Dubai-based Daman Investments, which increased its shareholder base in June, will probably sell shares to the public by 2015, the company's CEO, Shehab Gargash, said in an interview with Arabian Business.
An earlier offering, Gargash said, would depend on an improvement in market conditions and a rebound in investor appetite, which plunged in 2008 when Dubai's six-year construction and real estate boom came to a halt.
Daman, established in 1998, was initially planning to hold its IPO before the end of 2012. That will not happen anytime soon - the Dubai Financial Market is down more than 70 percent from its peak in 2008.
"I don't think the market environment is conducive, liquidity is not there, the appetite is not there and investor sentiment is not there generally,'' Gargash said. "We are on track and are about to begin phase two of our capital raise which will be at a premium over phase one," he said.

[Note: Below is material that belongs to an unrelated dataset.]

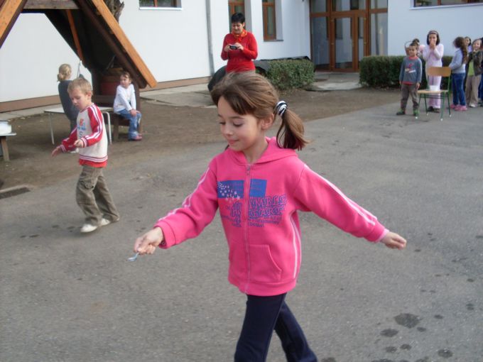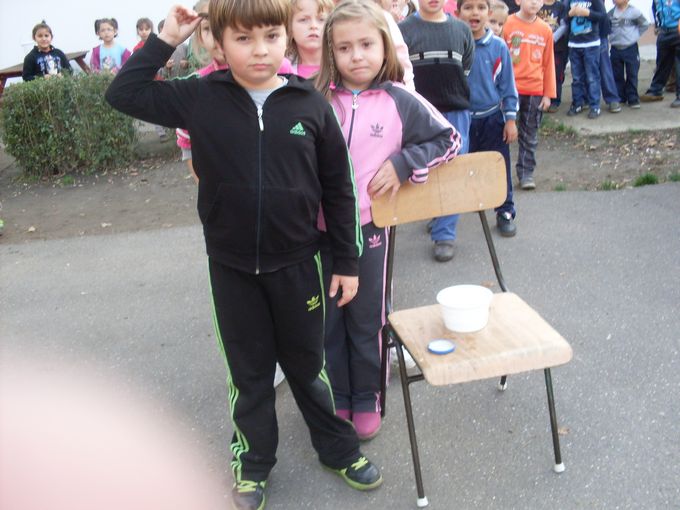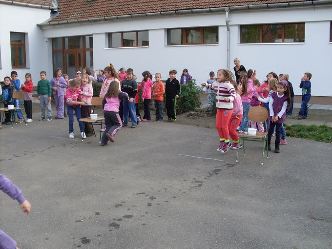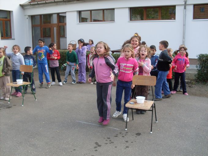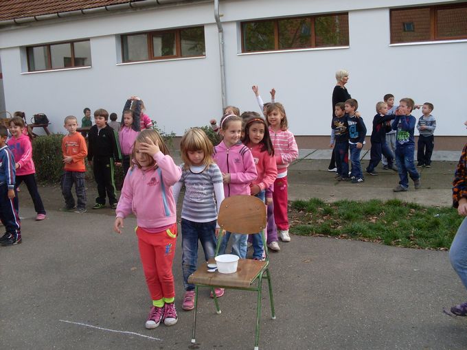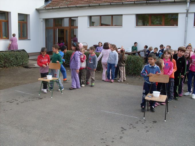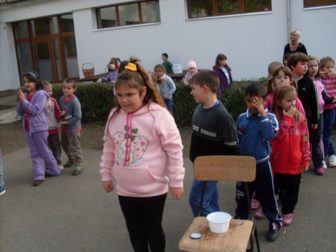 2013.november 8-án egész napos programban vett részt 25 alsó tagozatos gyermek és Szilágyiné Bak Anita tanító néni. A délelőtt folyamán szólásokat, közmondásokat kellett kiegészíteni és megmagyarázni a jelentésüket, majd vízzel, gázzal, elektromos árammal kapcsolatos puzzle-kat raktak ki nagy igyekezettel. Tíz órakor elmentünk a közeli zöldséges bolthoz, ahol több fajta gyümölcsből is vásároltunk. A gyerekek számolták ki a pénzt és fizettek az árukért, ami nagyon tetszett nekik. Ezután visszasétáltunk az iskolába, és alapos kézmosás után nekiláttunk a gyümölcssaláta elkészítésének. Ebéd után három vegyes csapat az udvaron vizes váltóversenyben vett részt, ahol különböző méretű edényekben kellett minél több vizet eljuttatni egy tálkába. Az iskola többi tanulója nagy hangon biztatta társait. A nap zárásaként megettük a jól megérdemelt gyümölcssalátát, amely a gyerekek szerint nagyon finom lett.

In June, as part of its strategy to broaden its shareholder base, Daman sold a 22.7 percent stake through a private placement which values the company at AED440m (US$119.8m). The total number of issued shares increased to 2,588,235 from 2,000,000. The new shares were issued at a premium of AED70 (70 percent) above their nominal value of AED100 per share.
"Looking at our environment, where our end game of our capitalisation, which is an IPO, I venture it will be in 2015 or beyond," Gargash said. "If it happens earlier it means that the market has gotten better and faster than we expected."
Daman's plan is for one third of the company to be publicly held, while the original investors retain a third and the rest is held by investors that came in between such as the recent private placement.
Gargash does not have a target figure for the share sale. The amount he aims to raise will depend on the needs of the company at the relevant time.
"It's important to note that everybody who is in a situation like us, in a pre-IPO, has their eye on the market to see who jumps in first as that will be a very big test as to the ability to raise money from the primary market," he said.
Engineering group Drake & Scull raised US$324m on the Dubai Financial Market in March 2009, the last IPO on the bourse, while Eshraq Properties, the largest IPO on the Abu Dhabi exchange, raised US$224m in May 2011. The market has been dry since.
Looking forward, Gargash is bullish about a rebound in investor sentiment.
"Two important things happened recently, the regional turmoil politically with the Arab spring and the adjustment in valuations in the more developed regional markets, the Gulf," he said. "Taking both of them into consideration, I think the future looks very promising for the Gulf. The macroeconomics are very sound, the valuations are attainable, the exaggeration premium has been flushed out."